Each model is trained on 100 batches of 1,000 examples per epoch. Each batch is composed of randomly chosen peaks that are then randomly assigned to cell types.
Training on ATAC-seq and ChIP-seq peaks is considered “peak-centric” training.
Training on multiple cell types per batch that are randomly assigned peaks is called “pan cell” training.
For every TF model, one cell type and 2 chromosomes are held out for independent testing.
maxatac train --genome hg38 --arch DCNN_V2 --sequence hg38.2bit --meta_file CTCF_meta.tsv --output ./CTCF_DCNN --prefix CTCF_DCNN --shuffle_cell_type --rev_comp
--sequenceThis argument specifies the path to the 2bit DNA sequence for the genome of interest
--meta_fileThis argument specifies the path to the meta file that describes the training data available. This meta file is described above.
--genomeSpecify which genome build this task is specified for (i.e. hg38).
--prefixThis argument is reserved for the prefix used to build the output filename. This can be any string. The extension .bw will be added to the filename prefix. Default: maxatac_model
--train_roiThis argument is used to input the BED file that you want to use to define the training regions of interest. If you set this option, you will randomly select regions from this file for training instead of using the meta data to build the training data pool.
--validate_roiThis argument is used to input the BED file that you want to use to define the validation regions of interest. If you set this option, you will randomly select regions from this file for validation instead of using the meta data to build the validation data pool.
--target_scale_factorThe scaling factor for scaling model targets signal. Used only for quantitative models.
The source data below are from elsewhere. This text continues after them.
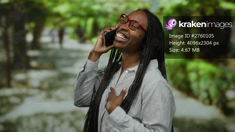 Woman talking on smartphone in outdoor park setting, wearing glasses and striped shirt amidst lush green background enjoying conversation
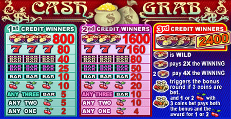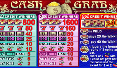There is no dearth of ways to win big in Cash Grab, and the ways range from the standard cherry to single, double and triple bars. The more coins you bet each spin, the higher your amount will be when you win.
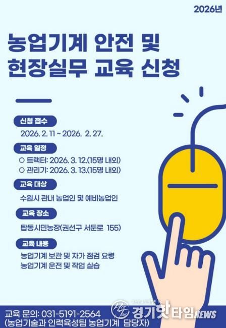 [경기핫타임뉴스=김삼영 기자] 수원특례시는 ‘2026년 농업기계 안전 및 현장실무 교육’ 수강생을 2월 27일까지 모집한다. 관내 (예비)농업인이 참여할 수 있다.
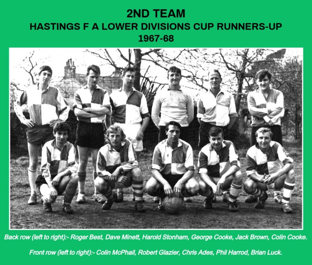 The second team were hit by the claims of the depleted first XI and never looked like having a great season for that reason. They did, however, reach the final of the Hastings Lower Divisions Cup, beating Sandhurst II, Brede, West Hill Boys Club and Etchingham United II before losing 3-0 to College in the final at Westfield. The team which competed in the final was: George Cooke, Brian Luck, Colin Cooke, Colin McPhail, Jack Brown (captain), Robert Glazier, Roger Best, Chris Ades, Dave Minett, Phil Harrod and Harold Stonham.
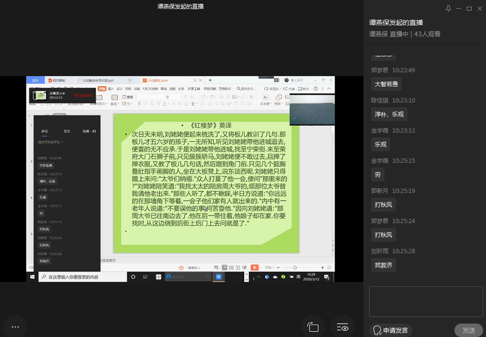 谭燕保教授的一堂“翻译名著赏析”给人印象深刻,从《红楼梦》人物性格分析,到翻译风格、翻译标准的诠释,再到翻译背景的欣赏,非常自然导入知识点,课堂设计精湛,近2小时的授课,从课前提前15分钟的NPR美国在线新闻热身,到课中知识点的导入,再到作业的布置,采用企业微信授课信息量大,与员工互动频次多,使员工感觉授课内容很有趣,获得感强,反映老师深厚的文学功底,授课精湛。
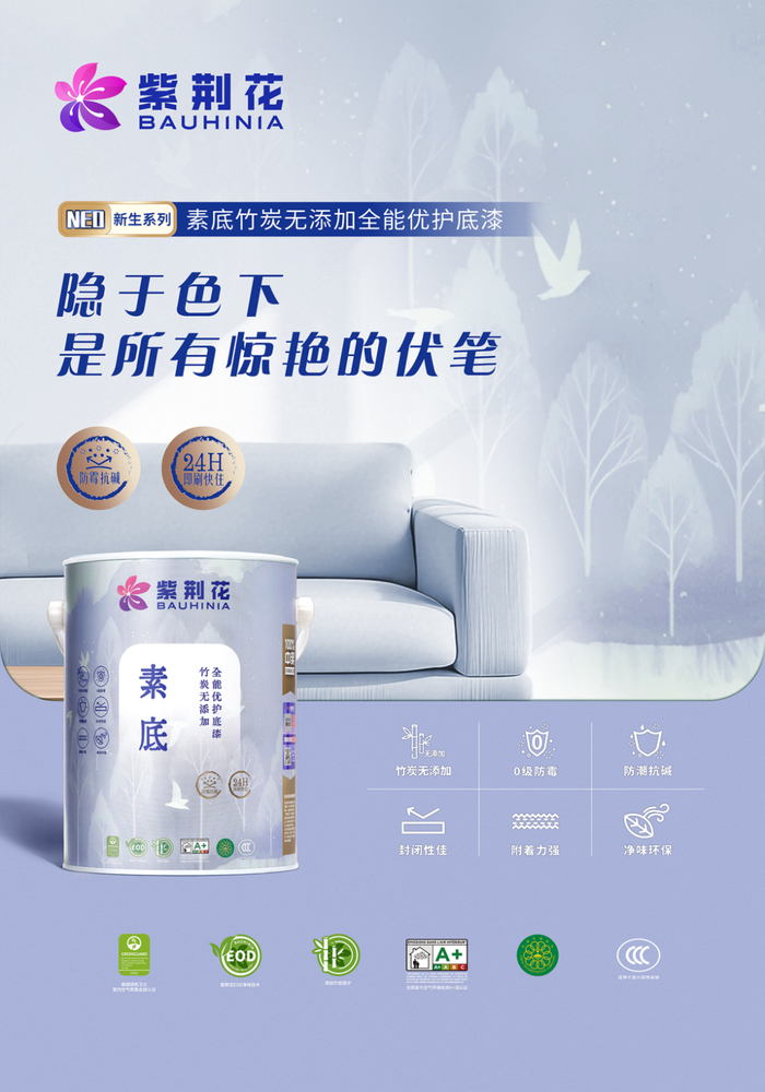 『紫荆花』素底竹炭无添加全能优护底漆,“素”是本色与原真,“底”是根基与起点。本品专为守护墙面基底而生,采用“竹炭无添加”配方,从源头杜绝有害添加,实现超净味环保。其卓越的0级防霉与防潮抗碱性能,能有效阻隔基层湿气与碱侵蚀,避免墙面泛碱、发霉。同时,具有超强附着力,能为面漆提供坚固均匀的附着基底,确保饰面层历久弥新,给予墙面完美保护。
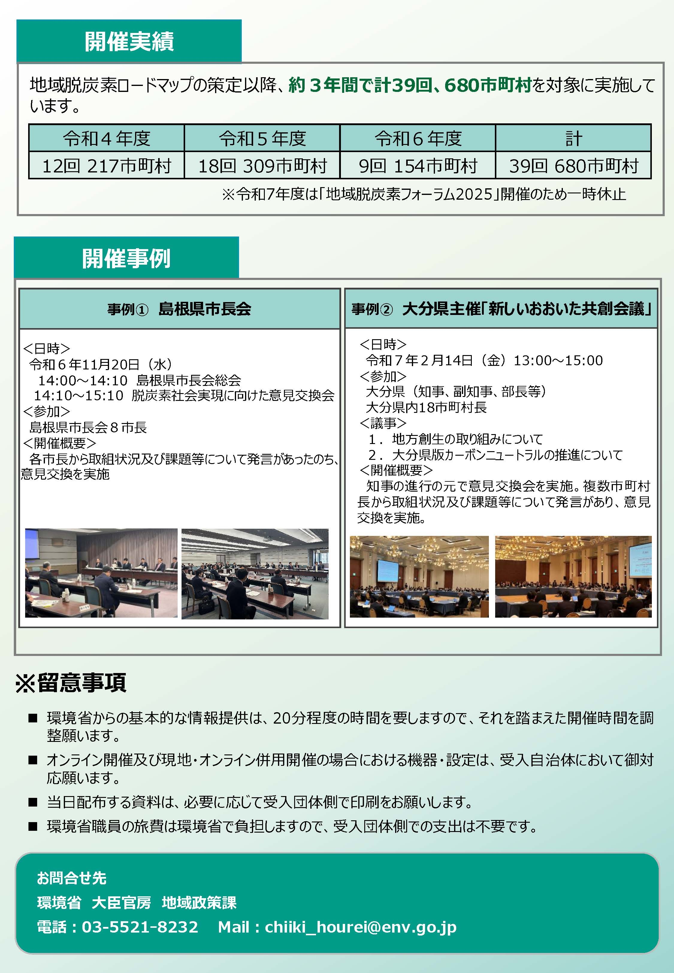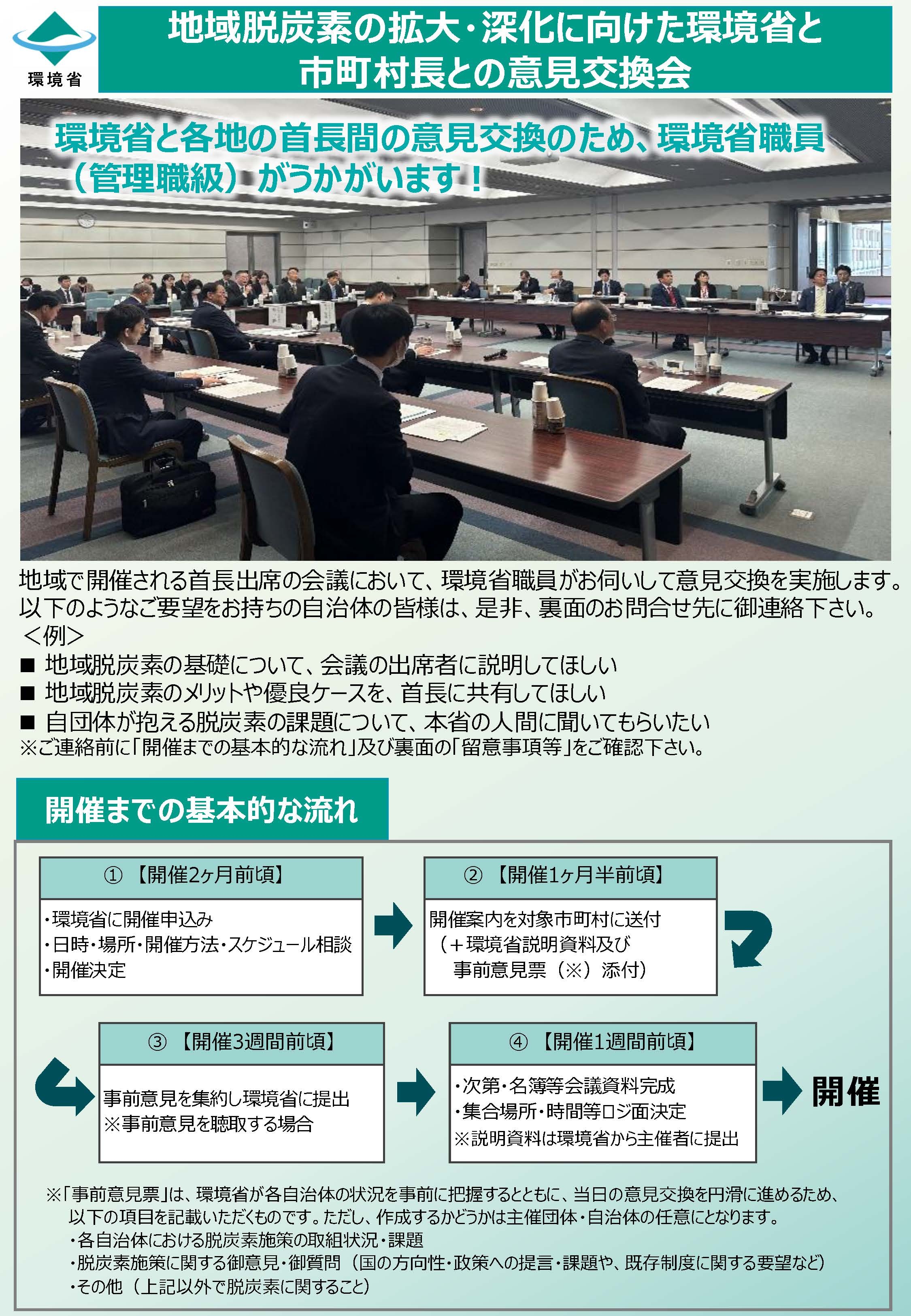 こうした中で、地方公共団体との緊密な連携の下で地域脱炭素の更なる推進を進めるため、令和4年度より継続して実施しております標記意見交換会について、希望の地方自治体を対象に募集を行います。

Default: 1
--output_activationThe output activation to use for the model. No other options are considered in the publication. Test at your own risk. Default: sigmoid
--chromsThe list of chromosomes to limit the study to. These include the training and validation chromosomes. Default: ["chr2", "chr3", "chr4", "chr5", "chr6", "chr7", "chr9", "chr10", "chr11", "chr12", "chr13", "chr14", "chr15", "chr16", "chr17", "chr18", "chr19", "chr20", "chr21", "chr22", "chrX"].
--tchromsThe list of chromosomes to use for training only. Default: ["chr3", "chr4", "chr5", "chr6", "chr7", "chr9", "chr10", "chr11", "chr12", "chr13", "chr14", "chr15", "chr16", "chr17", "chr18", "chr20", "chr21", "chr22"].
--vchromsThe list of chromosomes to use for validation only. Default: ["chr2", "chr19"].
--archThe architecture to use for the neural network. Default: DCNN_V2.
--rand_ratioThe proportion of random regions to use per training and validation batch. This corresponds to the number of regions that are randomly selected form the genome as opposed to being created based on the ATAC-seq or ChIP-seq peaks. Default: 0.
--seedThe seed to use for the model in case of reproducibility. Default: random.randint(1, 99999).
--weightsThe weights to use for initializing a model prior to training. Default: do not initialize with weights.
--epochsThe number of epochs to train the model for. Default: 20.
--batchesThe number of batches to use per stochastic gradient descent step. Default: 100.
--batch_sizeThe number of examples to use per training batch. Default: 1000.
--val_batch_sizeThe number of examples to use per validation batch. Default 1000.
--outputThe output directory name to save results to. Default: ./training_results.
--plotWhether to plot the model structure or training history. Default: True.
--denseUsed if you want to use a dense layer at the end of the neural network. Default: False.
--threadsUse to change the number of threads used per job. Default: get available.
--loglevelThis argument is used to set the logging level. Currently, the only working logging level is ERROR.
--rev_compIf rev_comp is True, then use the reverse complement sequence in addition to the reference sequence. Default: False.
--shuffle_cell_typeIf shuffle_cell_type is True, then shuffle training ROI cell type label. This is related to “pan-cell” training as described in the maxATAC manuscript. Default: True.
--multiprocessingIf set, this option supports parallelization of training. Default: False.
--max_queue_size--blacklistThe path to a BED file that has regions to exclude.
--chrom_sizesThe path to the chromosome sizes file.